Removal of lead ions in wastewater using thermally regenerated diatomaceous earth from spent diatomaceous earth

Abstract

This study describes a method of removal of lead ions in wastewater using a thermally regenerated diatomaceous earth (DE) formed from spent diatomaceous earth (SDE) under 400 °C (SDE-400 °C) and 800 °C (SDE-800 °C). SDE is mainly generated from food processing and brewery industries as industrial waste. This work also reports the effectiveness and efficiency of lead (Pb²⁺) ions removal from aqueous solution by the adsorbent of SDE. The surface morphology of SDE dry form was obtained by Field Emission Scanning Electron Microscopy (FE-SEM) and indicated a well-arranged porous structure with some particles on the surface. Nitrogen adsorption-desorption analysis was performed at -196 °C for the dry form of SDE and found that it contains 2.22 m² g⁻¹ of specific surface area and 0.015 cm³ g⁻¹ of the total pore volume. The favourable conditions for Pb²⁺ adsorption onto SDE were determined. The maximum lead adsorption was obtained when the adsorbent dosage of 50 mg and contact time of 180 min at pH of 4.8, maintained for 50 mL of lead solution at 25 °C. The Langmuir and Freundlich adsorption isotherm models were used to interpret the equilibrium data of the investigated systems.

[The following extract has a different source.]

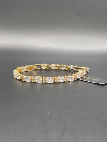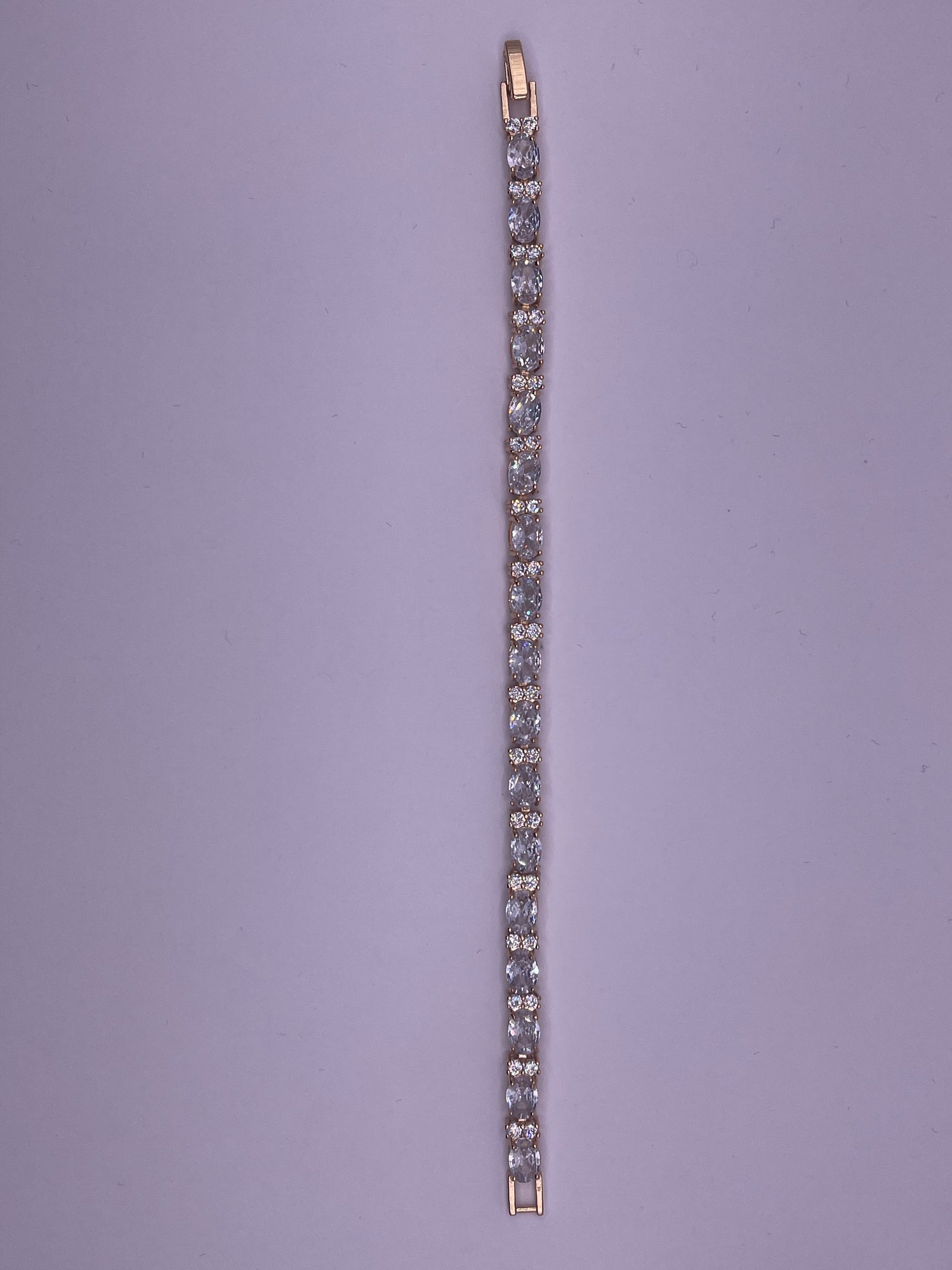 Brilliant and beautifully designed, this small oval and double rhinestone bracelet will look perfect with every ensemble. The simple yet elegant design of this piece makes it easy to pair with any outfit.
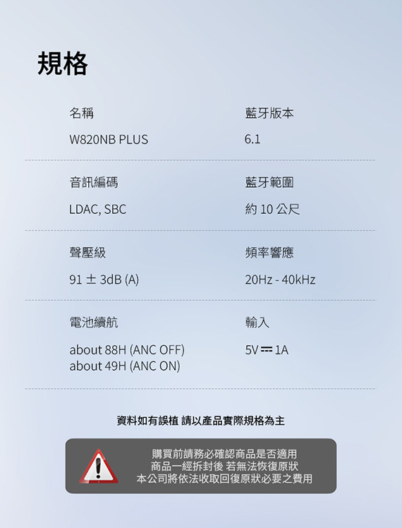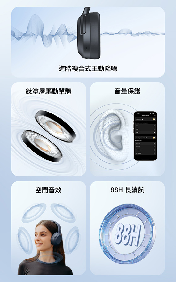 頭戴/耳罩式/護耳式/全罩,40mm鈦塗層驅動單體,藍牙6.1,Type-C充電,88H超長續航,ANC ON約49H工作時間,支援快充15分鐘=15小時,Hi-Res 雙金標音質認證,-49dB ANC 深度主動降噪,AI 深度通話降噪,可折疊收納,低延遲遊戲模式,雙設備連接 NCC認證碼: CCAH25LP5500T1 BSMI認證碼: R3B489

The Langmuir model best described the adsorption characteristics of Pb²⁺ on SDE, SDE-400 °C and SDE-800 °C with maximum adsorption capacities of 163.93, 208.33, 322.58 mg g⁻¹ . Moreover, the present study suggests the favourable application of SDE-800 °C as an effective material for removing Pb²⁺ from aqueous solutions for industrial wastewater treatment than the other two adsorbents due to the presence of chemisorption and physisorption.